The difference between the scientist and the artist is at bottom not so great as dichotomous thinking would make us believe. Gardner Murphy points out (in a personal communication) that there are many cases, "all the way from Leonardo da Vinci to John J. Audubon and John Muir, of scientist-artists, in whom it is not conceptually very feasible to make the roles distinct." Some personologists too (notably Freud, Murphy, Allport, and Murray) have had much of the artist in them as well as the scientist and have been masters of prose writing; small wonder, therefore, that at times the artistic side of their identities has come uppermost. If Allport had been less aesthetically sensitive, he might not have failed to distinguish between artistic and scientific goals. Often, too, poor scientists are at the same time poor writers, and an inferior case study may be poor either because its facts are wrong and its interpretations undiscerning, or because it is poorly put together and lacks the literary touch that can put the breath of life into even a routine case report. The more art a scientist possesses-so long as he does not let it run away with him-the more effective a scientist he can be, because he must use his aesthetic sense in constructing theory as well as in communicating his findings and ideas to others.

2. The proper methods of personology are intuition and empathy, which have no place in natural science

As has been indicated above, intuition and empathy were used by the romantics as ways of gaining direct and definitive understanding, and were considered to be complete scientific methods. The contemporary personologist has no quarrel with their use in the practical arts of clinical psychology and psychoanalysis, nor as ways of making discoveries and formulating hypotheses. Indeed, the more secure scientists are in their methodological position, the more respect they usually have for intuition (and in psychology for the closely related methods of empathy andrecipathy [Footnote 8]). Thus, the claim that these operations have no place in natural science is false; they are used by all scientists in the most exciting and creative phase of scientific work: when they decide what to study, what variables to control, what empirical strategies to use, and when they make discoveries within the structure of empirical data. As to their sufficiency, I need only remind the reader that the methodology of verification, the hypothesis-testing phase of scientific work, involves well-developed rules and consensually established procedures, and that intuition and empathy have no place in it.

Footnote 8: Recipathy is the method of "becoming as open and sensitive as possible" not only to "the subject's movements and words" but to one's own feelings of "how the subject's attitude is affecting him [the observer].. . if he feels that he is being swayed to do something, he imagines Dominance; if he feels anxious or irritated he infers Aggression, and so forth"(Murray, 1938, p. 248).

3. Personology is a subjective discipline as contrasted to objective branches of psychology, being concerned with values and meanings, which cannot be subjected to quantification

Elsewhere (Holt, 1961; 1978, Volume 2, Chapter 3]), 1 have dealt with the contention that there is a fundamental methodological difference between disciplines that deal with verbal meanings and values, and those that deal with objective facts.
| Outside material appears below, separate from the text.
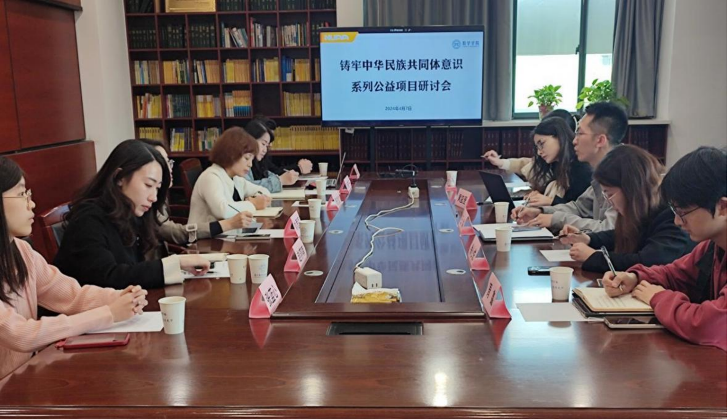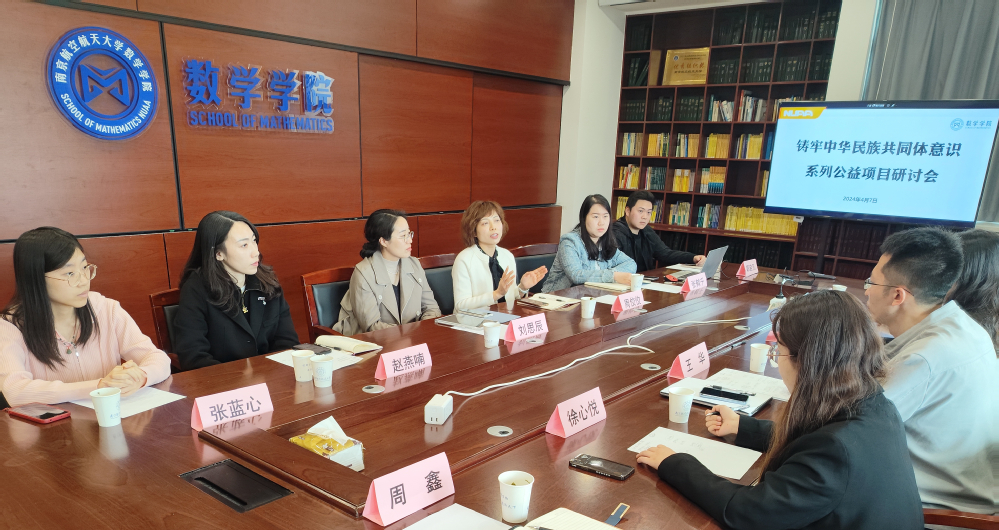 4月7日上午,“铸牢中华民族共同体意识”系列公益项目研讨会在理学楼302会议室召开。江苏省妇儿基金会副理事长王华、江苏省同读好书共芸窗研究院资助部部长黄玺澄,洪爷 党委副书记周佼佼、辅导员张鹤千,人文与社会科学学院党委副书记刘思辰、团委书记赵燕喃及南航公益创业代表徐心悦、张芳菲、周鑫、张蓝心、郭启凡等共同参加研讨。
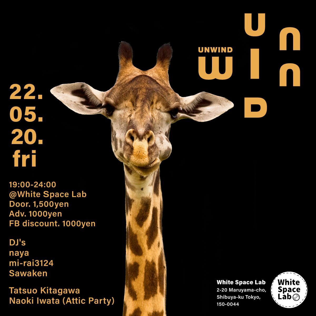 White Space Labでのディープハウスパーティ ”UNWIND” エレクトリックミュージックの表現としても常に進化し続けているディープハウス。新たなジャンルとしても確立しているOrganic house / Downtempoといった進化系ディープハウスは元より、レフトフィールドスタイルとして、新しく実験的なサウンドを心地良く体感できるディープハウスパーティ”UNWIND”

Briefly, the argument is the familiar one that objectivity of method is intersubjectivity, and that meanings (including values) may be perceived and dealt with in essentially the same ways as the data of natural science, which must be discriminated and recognized also. Moreover, a logical analysis of the operations carried out in disciplines such as literature, concerned with the understanding of individual works and little (if at all) with generalization, shows that these workers outside of science use many of the same methods of analyzing texts as the quantitative content-analysts of social psychology, with their exclusive concern with generalization. Their work has shown that meanings may be quantified and in other ways treated as objectively as any other facts of nature. Other objections to quantification grow out of antipathy to abstract variables of analysis and will be considered in the following section.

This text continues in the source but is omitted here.